Data to process START

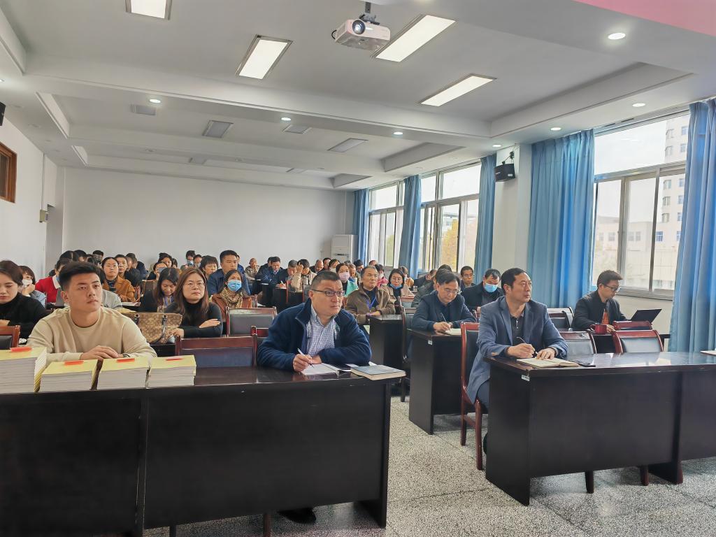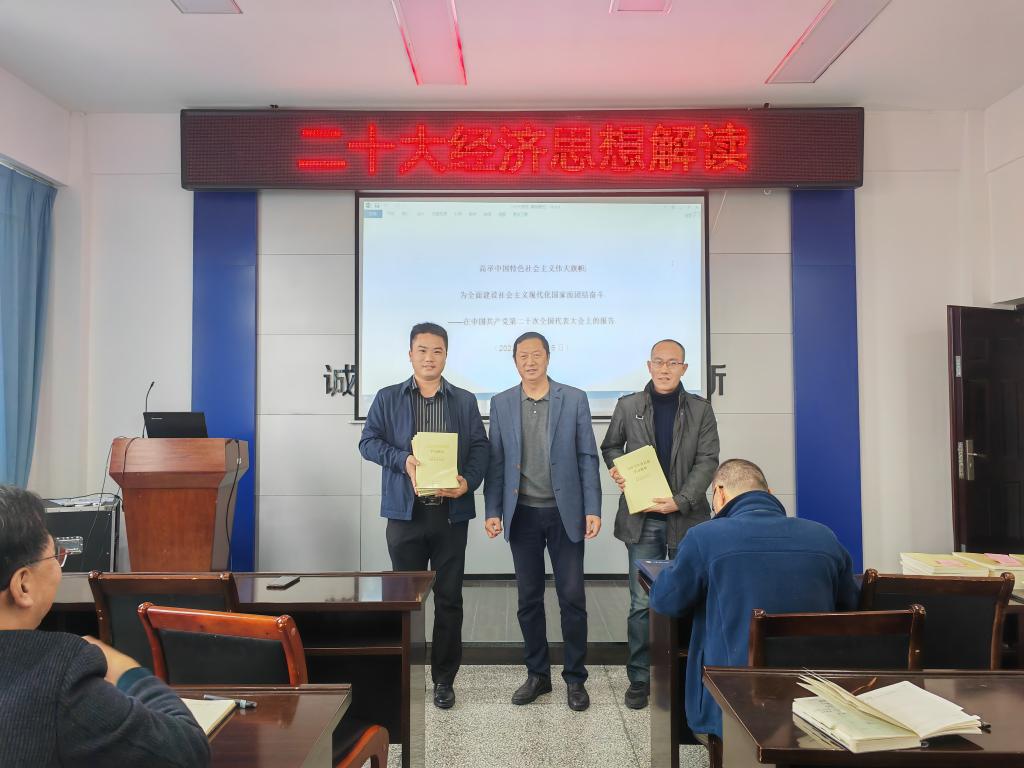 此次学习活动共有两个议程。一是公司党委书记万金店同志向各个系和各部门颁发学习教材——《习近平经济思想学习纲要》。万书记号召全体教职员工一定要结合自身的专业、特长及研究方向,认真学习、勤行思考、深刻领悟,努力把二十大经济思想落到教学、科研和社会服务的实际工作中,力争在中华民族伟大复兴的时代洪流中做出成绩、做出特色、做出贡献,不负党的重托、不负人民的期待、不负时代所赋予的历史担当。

Data to process END
Data to process START

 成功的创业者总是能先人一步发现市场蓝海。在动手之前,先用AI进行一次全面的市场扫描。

Data to process END
Data to process START

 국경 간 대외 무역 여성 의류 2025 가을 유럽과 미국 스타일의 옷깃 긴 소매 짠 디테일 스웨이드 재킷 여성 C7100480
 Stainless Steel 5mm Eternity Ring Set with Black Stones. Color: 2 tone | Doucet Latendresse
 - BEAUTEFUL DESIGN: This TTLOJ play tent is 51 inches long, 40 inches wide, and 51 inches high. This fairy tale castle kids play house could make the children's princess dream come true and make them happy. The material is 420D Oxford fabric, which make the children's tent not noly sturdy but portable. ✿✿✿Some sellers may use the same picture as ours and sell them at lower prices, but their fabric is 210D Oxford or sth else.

Data to process END

* Task statement *
All lines in the listing above from the line containing "국경 간 대외 무역 여성" to the line containing "- BEAUTEFUL DESIGN: This", inclusive, should be retyped exactly; no other lines should appear.

* Solution *
 국경 간 대외 무역 여성 의류 2025 가을 유럽과 미국 스타일의 옷깃 긴 소매 짠 디테일 스웨이드 재킷 여성 C7100480
 Stainless Steel 5mm Eternity Ring Set with Black Stones. Color: 2 tone | Doucet Latendresse
 - BEAUTEFUL DESIGN: This TTLOJ play tent is 51 inches long, 40 inches wide, and 51 inches high. This fairy tale castle kids play house could make the children's princess dream come true and make them happy. The material is 420D Oxford fabric, which make the children's tent not noly sturdy but portable. ✿✿✿Some sellers may use the same picture as ours and sell them at lower prices, but their fabric is 210D Oxford or sth else.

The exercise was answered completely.